Ayende @ Rahien

Refunds available at head office

That No SQL Thing - Key/Value stores

The simplest No SQL databases are the Key/Value stores. They are simplest only in terms of their API, because the actual implementation may be quite complex. But let us focus on the API that is exposed to us for a second. Most of the Key/Value stores expose some variation on the following API:

void Put(string key, byte[] data);
byte[] Get(string key);
void Remove(string key);

There are many variations, but that is the basis for everything else. A key value store allows you to store values by key, as simple as that. The value itself is just a blob, as far as the data store is concerned, it just stores it, it doesn’t actually care about the content. In other words, we don’t have a data stored defined schema, but a client defined semantics for understanding what the values are. The benefits of using this approach is that it is very simple to build a key value store, and that it is very easy to scale it. It also tend to have great performance, because the access pattern in key value store can be heavily optimized.

Concurrency – In Key/Value Store, concurrency is only applicable on a single key, and it is usually offered as either optimistic writes or as eventually consistent. In highly scalable systems, optimistic writes are often not possible, because of the cost of verifying that the value haven’t changed (assuming the value may have replicated to other machines), there for, we usually see either a key master (one machine own a key) or the eventual consistency model.

Queries – there really isn’t any way to perform a query in a key value store, except by the key. Even range queries on the key are usually not possible.

Transactions – while it is possible to offer transaction guarantees in a key value store, those are usually only offer in the context of a single key put. It is possible to offer those on multiple keys, but that really doesn’t work when you start thinking about a distributed key value store, where different keys may reside on different machines. Some data stores offer no transaction guarantees.

Schema – key value stores have the following schema Key is a string, Value is a blob :-) beyond that, the client is the one that determines how to parse the data.

Scaling Up – In Key Value stores, there are two major options for scaling, the simplest one would be to shard the entire key space. That means that keys starting in A go to one server, while keys starting with B go to another server. In this system, a key is only stored on a single server. That drastically simplify things like transactions guarantees, but it expose the system for data loss if a single server goes down. At this point, we introduce replication.

Replication – In key value stores, the replication can be done by the store itself or by the client (writing to multiple servers). Replication also introduce the problem of divergent versions. In other words, two servers in the same cluster think that the value of key ‘ABC’ are two different things. Resolving that is a complex issue, the common approaches are to decide that it can’t happen (Scalaris) and reject updates where we can’t ensure non conflict or to accept all updates and ask the client to resolve them for us at a later date (Amazon Dynamo, Rhino DHT).

Usages – Key Value stores shine when you need to access the data by key :-)

More seriously, key based access is actually quite common.
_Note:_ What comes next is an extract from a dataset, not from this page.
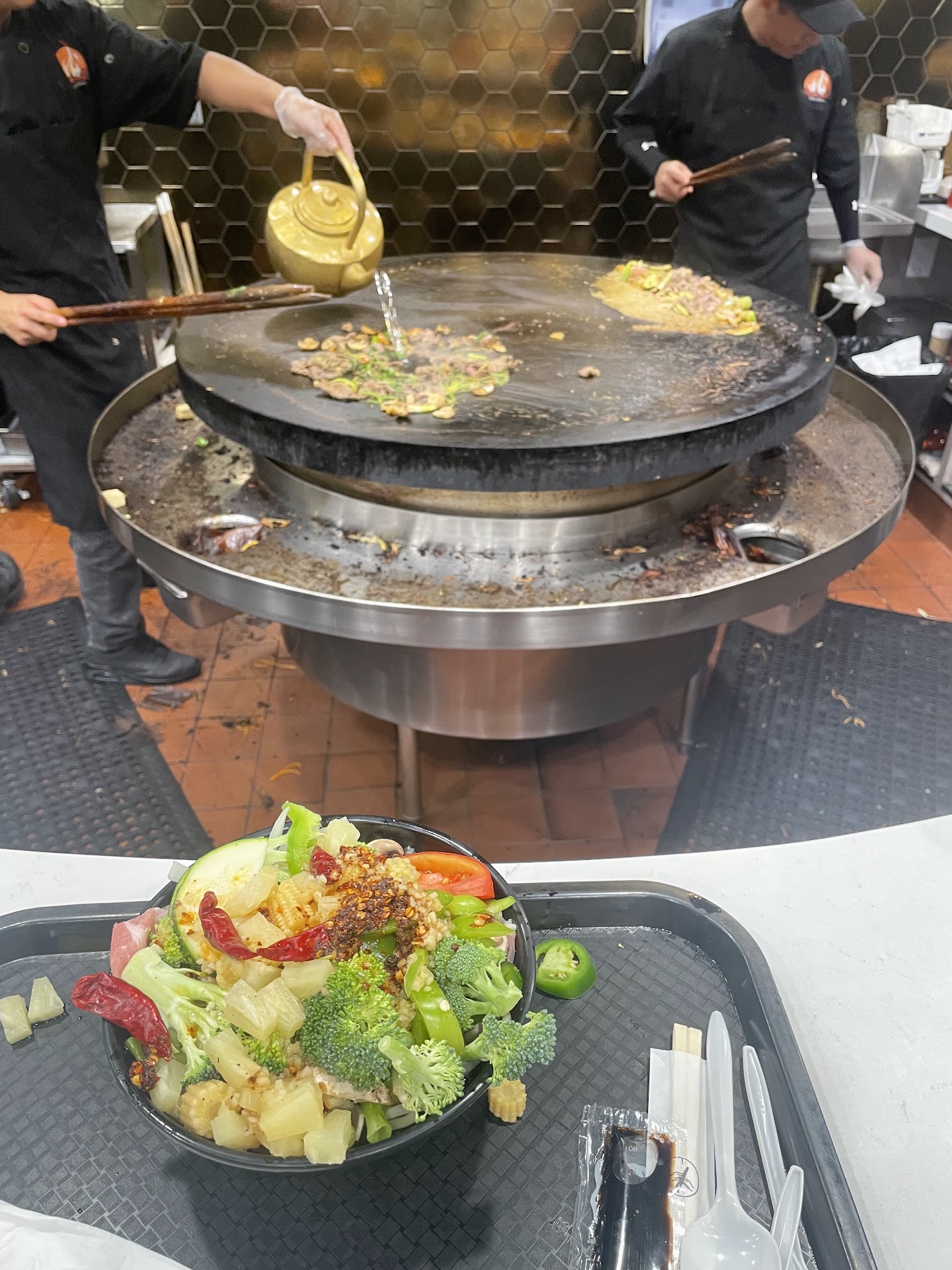 Read moreThe food is good. They give you a bowl and you add veggies and meat into it. Then you give the bowl to them and the add sauces and noodles and cook it together in a big pan in front of you. They used to have more veggies and different type of noodles before. But now they only have one type of noodles. Plus the price got expensive. Plus if you get veggie only, they can clean the pan before they cook the veggie one, but you have to tell them. The veggie only has option of tofu I think. Over all, quantity is much,...
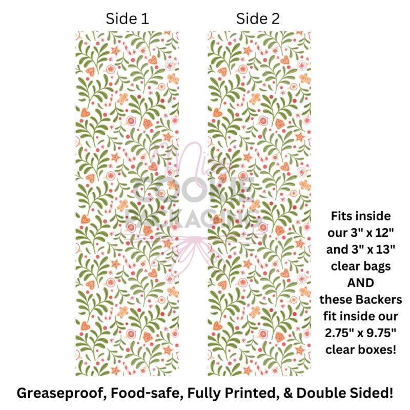 Greaseproof Backer – Greenery & Gingerbread – 9.5″ x 2.625″ (for 3″ x 12″ and 3″ x 13″ Clear Bag)

Things like user profiles, user sessions, shopping carts, etc. In all those cases, note, we are storing the entire thing as a single value in the data store, that makes it cheap to handle (one request to read, one request to write) easy to handle when you run into concurrency conflict (you only need to resolve a single key).

Because key based queries are practically free, by structuring our data access along keys, we can get significant performance benefit by structuring our applications to fit that need. It turns out that there is quite a lot that you can do with just key/value store. Amazon’s shopping cart runs on a key value store (Amazon Dynamo), so I think you can surmise that this is a highly scalable technique.

Data stores to look at:

  • The Amazon Dynamo paper is one of the best resources on the topic that one can ask.
  • Rhino DHT is a scalable, redundant, zero config, key value store on the .NET platform.

Comments

Ayende Rahien
03/29/2010 01:21 PM by
Ayende Rahien

Tomnaso,

That is an embedded solution, what I would use to build a distributed key value store backend

Demis Bellot
03/29/2010 01:40 PM by
Demis Bellot

Note: FYI Redis does support atomic transactions:

code.google.com/p/redis/wiki/MultiExecCommand

Otherwise great post Oren, I would expand a little on queries which is one of the biggest limitations in NoSql databases. To support queries you effectively 'think in reverse', i.e. you need to know what queries your system will need up-front, then have your writes update these 'redundant query indexes'.

On NoSql Schema's fundamentally they all implement one big hash table, but there are NoSql variants like Redis which also support atomic server-side operations on rich data constructs like Lists, Sets, Sorted Sets and Hashes which are useful in a variety of programming problems.

Ayende Rahien
03/29/2010 03:46 PM by
Ayende Rahien

Thanks,

fixed the issue with Redis

Fabio Maulo
03/30/2010 06:29 AM by
Fabio Maulo

Data mining or, for the example of "shopping-cart", statistics of sold products ?

dz
04/02/2010 07:21 AM by
dz

I'm wondering, where do solutions like Solr fit in between SQL and NoSQL war.

Ayende Rahien
04/04/2010 08:47 AM by
Ayende Rahien

Solr / Lucene are usually used as external indexes for NoSQL stores

Comments have been closed on this topic.